Peter,

Apologies for the brevity, on a blackberry.

All but two of the unit tests are passing with firewatir. Can you
confirm what the proxy and mechanize_doc params are used for in the
fetch method? Couldn't find them used anywhere. Mind if I rename
methods and variable away from being so mechanize specific?

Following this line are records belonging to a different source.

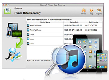 iStonsoft iTunes Data Recovery for Mac is compatible with all versions of iPhone, iPad and iPod, including iPhone 5/4S/4/3GS, iPad 2/1, iPad Air, the New iPad, iPad mini, iPad 4 and iPod touch, iPod touch 4, iPod Shuffle, iPod Nano 3/4/5/6, and iPod Classic. More, it supports the latest iOS 6. And we will continue to upgrade the software to keep synchronous with the releasing of new Apple products.
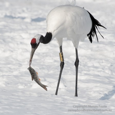 Red crowned cranes are both the largest and amongst the rarest cranes in the world. They stand up to five feet tall (1.5 metres). There are two populations, East Asian and Japanese. The East Asian cranes migrate annually between Siberia or Mongolia and North Korea or Eastern China; the Japanese cranes remain resident in Hokkaido. They are Japan’s most sacred bird.
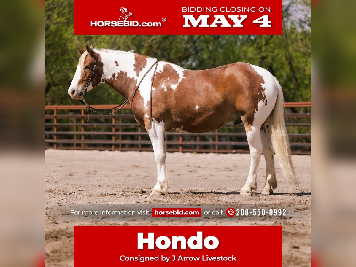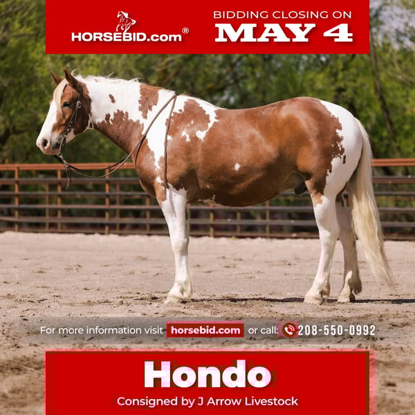 ▪️▫️◾️𝐭𝐡𝐞 𝑴𝒂𝒚 𝐒𝐞𝐥𝐞𝐜𝐭◾️▫️▪️ Happening now thru MONDAY | MAY 4th - Available EXCLUSIVELY on HorseBid's website! For more details and to register visit: www.Horsebid.com CONSIGNOR CONTACT: J Arrow Livestock 208-550-0992 LOCATION: New Plymouth, ID BREED: Draft cross REGISTERED: No REGISTERED NAME: Hondo COLOR: Sorrel and white HEIGHT: 16.2 AGE: 5 GENDER: Gelding Hondo is just flat beautiful! He’s a perfectly balanced gelding pretty headed nice neck big hipped. He’s extremely good moving for a big horse and looks beautiful under English or western tack. He floats across the ground and has all the ability to do anything you point him at. Hondo is extremely gentle and loves people, he will come to you out in the pasture or the stall hunting your affection. He’s been around kids of all ages and every farm animal you can think of as well. We have used him on the ranch to move cattle from pastures and have roped on him as well. Hondo will cross anything you point him at he loves water and will go right through rivers or creeks. He’s a great trail riding horse for anyone to have a relaxing ride. He’s broke to a step stool or the fence to make it easy to mount or dismount. In the arena he is so fun he’s got amazing gates! His jog trot is to die for with his natural low headset and level top line you can sit it for hours. Hondo loose beautifully he will lope collected up or on a loose rein whichever you prefer. We have ridden him English and have took him over small jumps. He shows great potential to make an awesome hunt horse. This horse is super versatile and could go in so many directions he’s willing and ready to make his new owners happy. Please call fmi2085500992

Hope to commit changes to my 3.0 tag tomorrow afternoon

On 3/26/07, Peter Szinek <peter / rubyrailways.com> wrote:
> Hello all,
>
> scRUBYt! version 0.2.6 has been released with some great new features,
> tons of bugfixes and lot of changes overall which should greatly affect
> the reliability of the system.
>
> ============
> What's this?
> ============
>
> scRUBYt! is a very easy to learn and use, yet powerful Web scraping
> framework based on Hpricot and mechanize. It's purpose is to free you
> from the drudgery of web page crawling, looking up HTML tags,
> attributes, XPaths, form names and other typical low-level web scraping
> woes by figuring these out from your examples copy'n'pasted from the Web
> page.
>
> ===========
> What's new?
> ===========
>
> A lot of long-awaited features have been added: most notably, automatic
> crawling to the detail pages, which was the most requested feature in
> scRUBYt!'s history ever.
>
> Another great addition is the improved example generation - you don't
> have to use the whole text of the element you would like to match
> anymore - it is enough to specify a substring, and the first element
> that contains the string will be returned. Moreover, it is possible to
> create compound examples like this:
>
> flight :begins_with => 'Arrival', :contains /\d{4}/, :ends_with => '20:00'
>
> The crawling through next links has been greatly improved - it is
> possible to use images as next links, to generate URLs instead of
> clicking on the next link, and a great deal of bugs (including the
> infamous  google next link problem) have been fixed.
>
> An enormous amount of bugs  were fixed and the whole system was tested
> thoroughly, so the overall reliability should be improved a lot as
> opposed to the previous releases.
>
> Something non-software related: 4 people have joined the development, so
> I guess there is much, much more to come in the future!
>
> =========
> CHANGELOG
> =========
>
> * [NEW] Automatically crawling to and extracting from detail pages
> * [NEW] Compound example specification: So far the example of a pattern
>     had to be a string. Now it can be a hash as well, like
>    {:contains => /\d\d-\d/, :begins_with => 'Telephone'}
> * [NEW] More sophisticated example specification: Possible to use regexp
>     as well, and need not (but still possible of course) to specify the
>     whole content of the node - nodes that contain the string/match the
>     regexp will be returned, too
> * [NEW] Possibility to force writing text in case of non-leaf nodes
> * [NEW] Crawling to the next page now possible via image links as well
> * [NEW] Possibility to define examples for any pattern (before it did
>     not make sense for ancestors)
> * [NEW] Implementation of crawling to the next page with different
>     methods
> * [NEW] Heuristics: if something ends with _url, it is a shortcut for:
>     some_url 'href', :type => :attribute
> * [FIX] Crawling to the next page (the broken google example): if the
>     next link text is not an <a>, traverse down until the <a> is found;
>     if it is still not found, traverse up until it is found
> * [FIX] Crawling to next pages does not break if the next link is greyed
>     out (or otherwise present but has no href attribute (Credit: Robert
>     Au)
> * [FIX] DRY-ed next link lookup - it should be much more robust now as
>     it uses the 'standard' example lookup
> * [NEW] Correct exporting of detail page extractors
> * [NEW] Added more powerful XPath regexp (Credit: Karol Hosiawa)
> * [NEW] New examples for the new featutres
> * [FIX] Tons of bugfixes, new blackbox and unit tests, refactoring and
>     stabilization
>
> ============
> Announcement
> ============
>
> On popular demand, there is a new forum to discuss everything scRUBYt!
> related:
>
> http://agora.scrubyt.org
>
> You are welcome to sign up tell your opinion, ask for features, report
> bugs or discuss stuff - or to just look around what other's are saying.
>
> ================
> Closing thoughts
> ================
>
> Please keep the feedback coming - your contributions are a key factor to
> scRUBYt!'s succes. This is not an exaggeration or a feeble attempt at
> flattery - since we (obviously) can not test everything on every
> possible page, we can make scRUBYt! truly powerful only if you send us
> all the quirks and problems you encounter during scraping, as well as
> your suggestions and ideas. Thanks everyone!
>
> Cheers,
> Peter
> __
> http://www.rubyrailways.com :: Ruby and Web2.0 blog
> http://scrubyt.org :: Ruby web scraping framework
> http://rubykitchensink.ca/ :: The indexed archive of all things Ruby.
>
>
>


-- 
Glenn